Even some stakeholders in the health-care system who find the Committee’s basic vision compelling may ask whether or not a special, organized effort is required to achieve the Committee’s goals. In particular, some might argue that there are already enough examples—many have been cited in this report—in which data-intensive laboratory tests have such clear benefits for patients that the traditional system of test development and insurance reimbursement
will allow a smooth transition to a new era of molecular medicine. We would caution against this conclusion. Indeed, there is real risk of a backlash against premature claims of the efficacy of genomic medicine (Kolata 2011). The key to avoiding such a backlash is development of a robust system for discovering applications that have real clinical benefits and validating those claims through open processes. The Committee believes that expecting or pressuring payers in the health-care system to bear the costs of integrating data-intensive biology and medicine without clear evidence of the safety, efficacy, and economic feasibility of particular applications would fail—indeed, such an effort could easily be counter-productive. On the other hand, as some of the scenarios sketched above indicate, the Committee believes that a well planned public investment in creating the system the Committee envisions would lead relatively quickly to robust public–private partnerships that would allow all stakeholders to build on early successes. Perhaps even more importantly, the Committee believes that its approach offers the most realistic available path to ultimate sustainability of precision medicine.
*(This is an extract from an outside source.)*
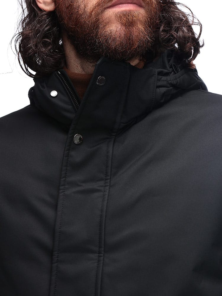 「VERMONT-ADS」は、洗練されたデザインと卓越した機能性を兼ね備えたフード付きダウンコートです。上質なマットな質感の撥水素材に、厳選された最高級のグースダウンを贅沢に充填することで、非常に軽量ながらも抜群の保温性を実現しています。無駄のないミニマルなデザインは、ビジネスシーンから週末のカジュアルな装いまで幅広く対応し、大人の男性にふさわしい上品さを演出。
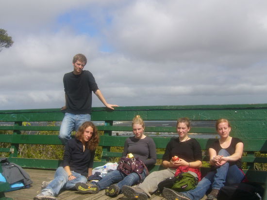Spätnachmittags kamen allerdings drei Leute, die wir in dem Hostel in Auckland kennen gelernt hatten, das machte den Ort um einiges erträglicher. Lena, Niklas und Jaqueline, mit denen haben wir gegessen, lustige Spieleabende gemacht (Mama, z.B. unsere Stadt-Land-Fluss Version - unglaublich lustig!!) und vor allem waren wir wandern. An den Whangarei Falls vorbei, am Fluss entlang, einen unglaublich steilen langen Weg einen Berg hoch, auf der anderen Seite wieder runter und da wir ja gerade in der "Nähe" waren noch zu den Abbey Caves (Tropfsteinhöhlen mit Glühwürmchen mitten in der Pampa, nicht als Touristenattraktion hergerichtet, stehen aber im Reiseführer. Zugang ziemlich schwierig, man klettert über Felsen und watet durch eiskaltes Wasser... abenteuerlich. ), von dort zurück in die Stadt und in Richtung Hostel, das etwas außerhalb am anderen Ende lag. Kurz: Alles in allem sind wir in sieben Stunden etwa 30 km zum großen Teil steilen und schwierigen Weg gelaufen. Abends tat alles weh, wir waren dreckig und müde, aber im Nachhinein klingt dieses verrückte Erlebnis ziemlich cool.

Public investment in research can play an essential role in building a solid foundation for precision medicine, but it cannot sustain its dissemination: precision medicine will only become a routine aspect of health care when it pays its own way.
To bring the discussion back to the Committee’s core mission, we close by re-emphasizing our view toward disease taxonomy. Diagnosis is the foundation of medicine. Accurately and precisely defining a patient’s condition does not assure effective treatment, but it is unequivocally the place to start. Hence, in exploiting the convergent forces acting throughout the health-care system, a long-term focus on developing the new informational resources proposed in this report would be a powerful unifying principle for biomedical researchers, physicians, patients, and all stakeholders in this vast enterprise. Whether the payoff from such a commitment would occur in time to help Patient 2, the 40-year-old type II diabetic described at the beginning of this report, is impossible to say. However, the Committee believes that implementation of its core recommendations would bring many new allies to the cause of improving this patient’s health prospects and would equip these diverse players with powerful new tools and resources that are unlikely to emerge without an organized effort to create them.